**TASK PROMPT:** A verbatim repeat of the lines below is required, with the pictures removed.

**DATASET EXCERPT:**
──────────
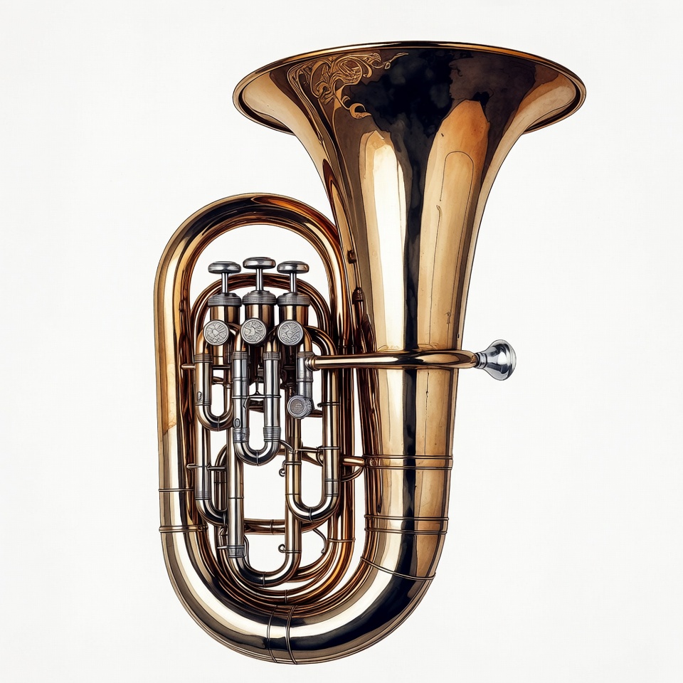 band instrument, brass horn, brass instrument, brass tuba, classical music, dragon engraving, gold tuba, isolated background, low brass, marching band, musical instrument, orchestra tuba, shiny brass, white background, tuba
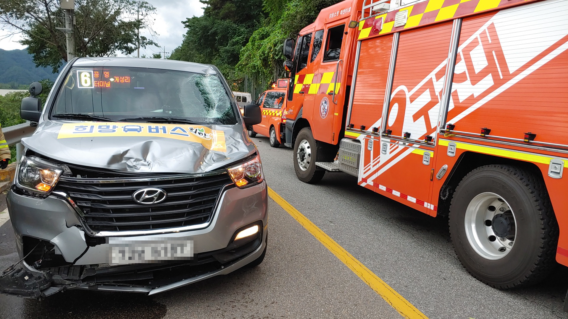 ○ 운전자 윤모씨(남,52세,경상)의 신고로 출동한 화천소방서 119구조대, 구급대 등 소방대원 11명은 차량 탑승객 6명을 구조해 4명을 병원 이송했다.
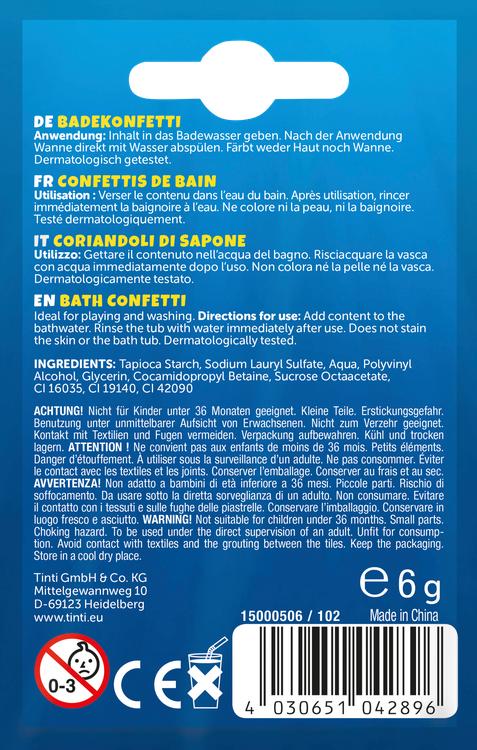 Badet blir en färgstark upplevelse med Tinti badkonfetti! Dessa roliga, färgglada konfettifigurer flyter på vattenytan och ger massor av skoj när du leker och tvålar in dig. Produkten har utvecklats speciellt för barns känsliga hud och innehåller endast noggrant utvalda ingredienser som har testats dermatologiskt för sin hudkompatibilitet, även för känslig hud. Dessutom fläckar badkonfettin inte huden eller badkaret, så att bekymmersfri badning är möjlig. Användningen av livsmedelsfärger gör upptäckten av färger till ett spännande äventyr. För optimalt badglädje rekommenderar vi att du strör en dospåse i vatten med en temperatur på cirka 35-38 °C, helst i ett halvfullt badkar med cirka 70 liter vatten. Efter badet kan badkaret helt enkelt sköljas med varmt vatten.
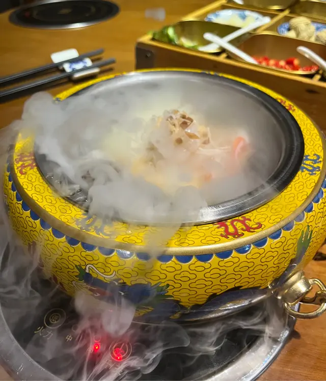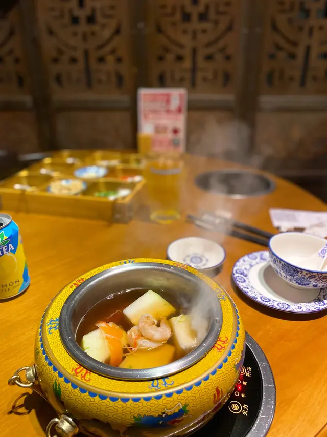 滾得囍宮廷秘藏鍋物,位於北角,超級近地鐵站好方便,入去就係宮廷式裝修,古裝劇咁👘主打一人一鍋,一班朋友黎都可以揀到自己鍾意既湯底,依度咁多特色湯底就啱晒👍🏻飲杯竹蔗茅根就開始!午市打邊爐都可以好正,火鍋套餐咩都有,光緒瑤柱冬瓜濃湯鍋,一落湯就飄煙😳好似仙境咁,配住幾舊冬瓜好特別既感覺✨視覺效果贏左,A5黑毛和牛,睇油花就知真和牛,入口會溶🤤牛味濃,好正,日本廣島蠔,大大粒,蠔味濃到一個點,好高質🌟食啲唐生菜,依個湯加埋少少海鮮好有冬瓜盅feel😆手打黑松露惹菌鮮蝦丸,彈牙爽口,黑松露味幾出👏🏻紫皇蟹粉豚肉餃,餡料幾多,味道唔錯,百花釀豆腐,吸左湯幾好味😋出前一丁,就梗係要配埋沙爹醬同和牛,好正既享受😎一人一鍋特別爽!🍲 令人好想試晒啲湯底🙌🏻火鍋同食材都真係色香味俱全,高質既邊爐,聚會慶祝都啱晒🤗…查看更多
──────────
**PROBLEM SOLUTION:**
 band instrument, brass horn, brass instrument, brass tuba, classical music, dragon engraving, gold tuba, isolated background, low brass, marching band, musical instrument, orchestra tuba, shiny brass, white background, tuba
 ○ 운전자 윤모씨(남,52세,경상)의 신고로 출동한 화천소방서 119구조대, 구급대 등 소방대원 11명은 차량 탑승객 6명을 구조해 4명을 병원 이송했다.
 Badet blir en färgstark upplevelse med Tinti badkonfetti! Dessa roliga, färgglada konfettifigurer flyter på vattenytan och ger massor av skoj när du leker och tvålar in dig. Produkten har utvecklats speciellt för barns känsliga hud och innehåller endast noggrant utvalda ingredienser som har testats dermatologiskt för sin hudkompatibilitet, även för känslig hud. Dessutom fläckar badkonfettin inte huden eller badkaret, så att bekymmersfri badning är möjlig. Användningen av livsmedelsfärger gör upptäckten av färger till ett spännande äventyr. För optimalt badglädje rekommenderar vi att du strör en dospåse i vatten med en temperatur på cirka 35-38 °C, helst i ett halvfullt badkar med cirka 70 liter vatten. Efter badet kan badkaret helt enkelt sköljas med varmt vatten.
 滾得囍宮廷秘藏鍋物,位於北角,超級近地鐵站好方便,入去就係宮廷式裝修,古裝劇咁👘主打一人一鍋,一班朋友黎都可以揀到自己鍾意既湯底,依度咁多特色湯底就啱晒👍🏻飲杯竹蔗茅根就開始!午市打邊爐都可以好正,火鍋套餐咩都有,光緒瑤柱冬瓜濃湯鍋,一落湯就飄煙😳好似仙境咁,配住幾舊冬瓜好特別既感覺✨視覺效果贏左,A5黑毛和牛,睇油花就知真和牛,入口會溶🤤牛味濃,好正,日本廣島蠔,大大粒,蠔味濃到一個點,好高質🌟食啲唐生菜,依個湯加埋少少海鮮好有冬瓜盅feel😆手打黑松露惹菌鮮蝦丸,彈牙爽口,黑松露味幾出👏🏻紫皇蟹粉豚肉餃,餡料幾多,味道唔錯,百花釀豆腐,吸左湯幾好味😋出前一丁,就梗係要配埋沙爹醬同和牛,好正既享受😎一人一鍋特別爽!🍲 令人好想試晒啲湯底🙌🏻火鍋同食材都真係色香味俱全,高質既邊爐,聚會慶祝都啱晒🤗…查看更多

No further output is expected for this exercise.